Although Arca’s mineral activation technology is well suited for nickel mines, the company is also looking to deploy its technology in tailings from chromite, diamond and asbestos mines, as these deposits are also found in ultramafic rock and are rich in serpentine.

“There’s a lot of legacy asbestos mine waste, so we are looking at some really interesting opportunities there too,” said Needham. “This mineral activation technology that we’re talking about—the microwave-based technology—not only captures more CO2, [but] it also destroys the asbestos. So, [there is] opportunity here for site remediation.”

Arca’s mineral activation technology works independently from its smart churning technology, which uses rovers to move over the surface of tailings, churn up the surface and expose the minerals to air.
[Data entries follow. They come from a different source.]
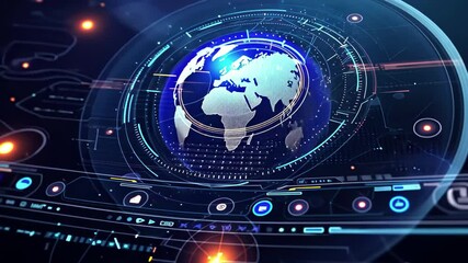 Futuristic Digital Navigation Interface Over Earth Videos
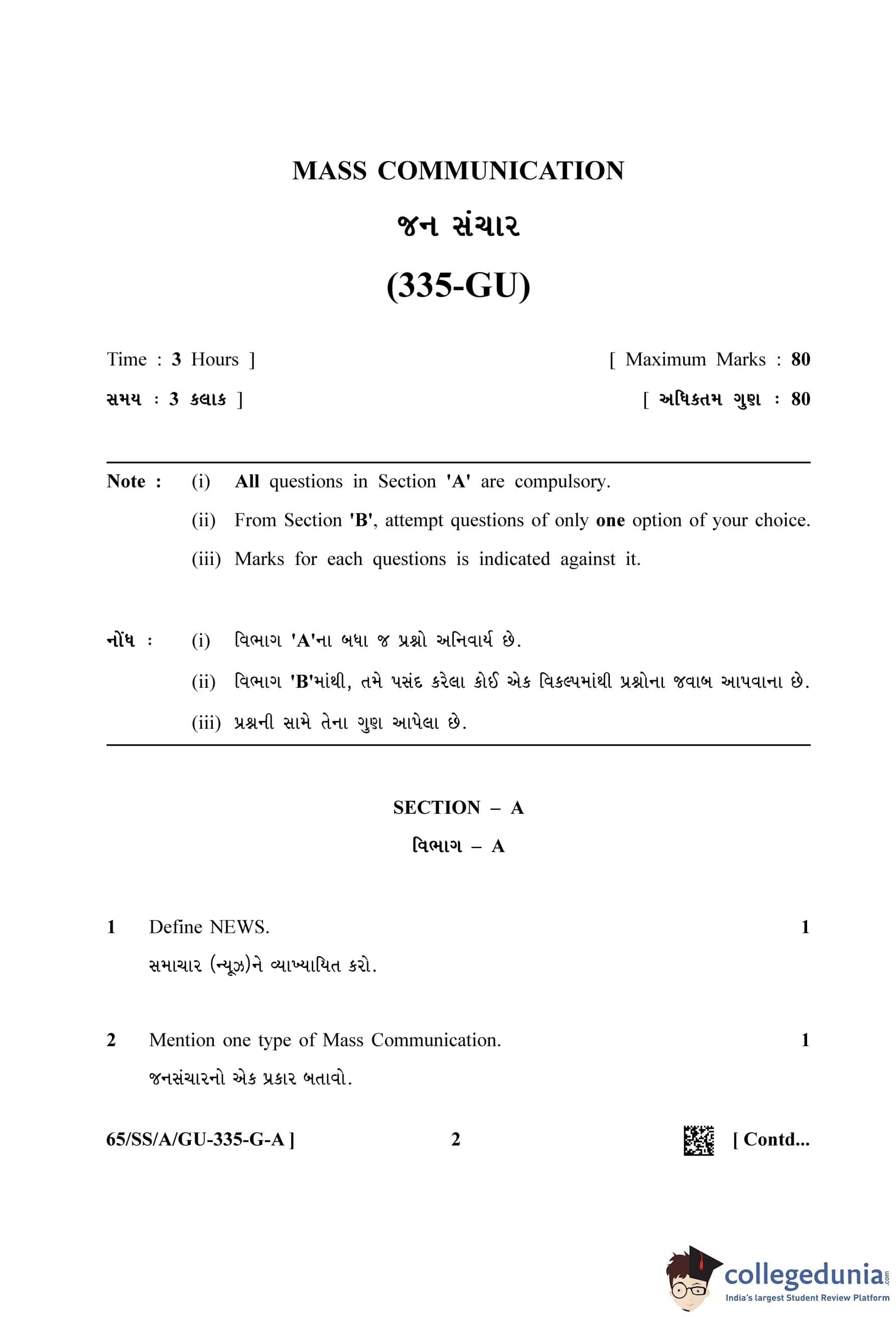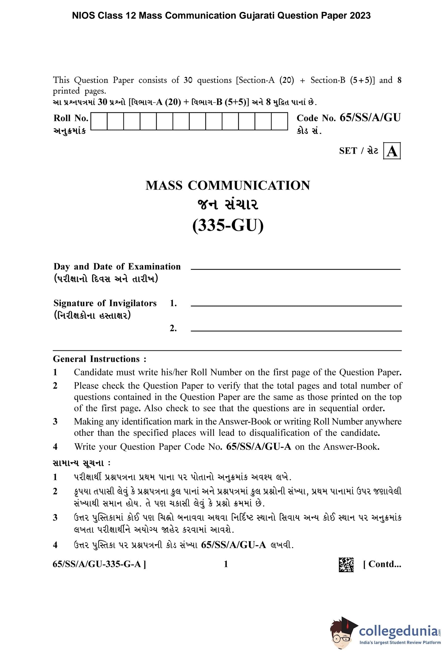 NIOS Class 12 Mass Communication Gujarati Question Paper 2023 with Answer Key pdf (Set A) is available for download here. The exam was conducted by National Institute of Open Schooling on April 19, 2023 in the Afternoon Session 2.30 PM to 5.30 PM. The question paper comprised a total of 30 questions divided among 2 sections.
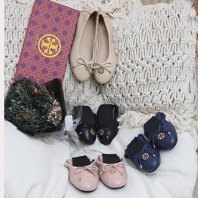 Tory Burch托里伯奇经典芭蕾舞鞋Tb 圆头蛋卷鞋时尚百搭 居家 逛街 旅行必备款 上脚超舒适还可折叠放在放包包里面料采用...

Since December 2023, Arca has been piloting its smart churning technology to capture carbon at BHP’s Nickel West mine at Mount Keith in Kalgoorlie, Western Australia.

While they are separate technologies, according to Needham, they can support each other. “After we microwave the material and activate the minerals, then the material would be out on the tailings storage facility,” he explained. “Then we would start churning it as well to further increase [the] rate of capture.”

Needham believes that Canada has the opportunity to be a world leader in carbon dioxide removal and an exporter of carbon capture and storage technologies.

“Canada, and British Columbia in particular, have an enormous potential and a very large supply of serpentine,” he said. “Within the top kilometre of [the bedrock in] British Columbia, there’s enough serpentine to capture hundreds of billions of tonnes of CO2 from the atmosphere. The scale of the opportunity is massive.”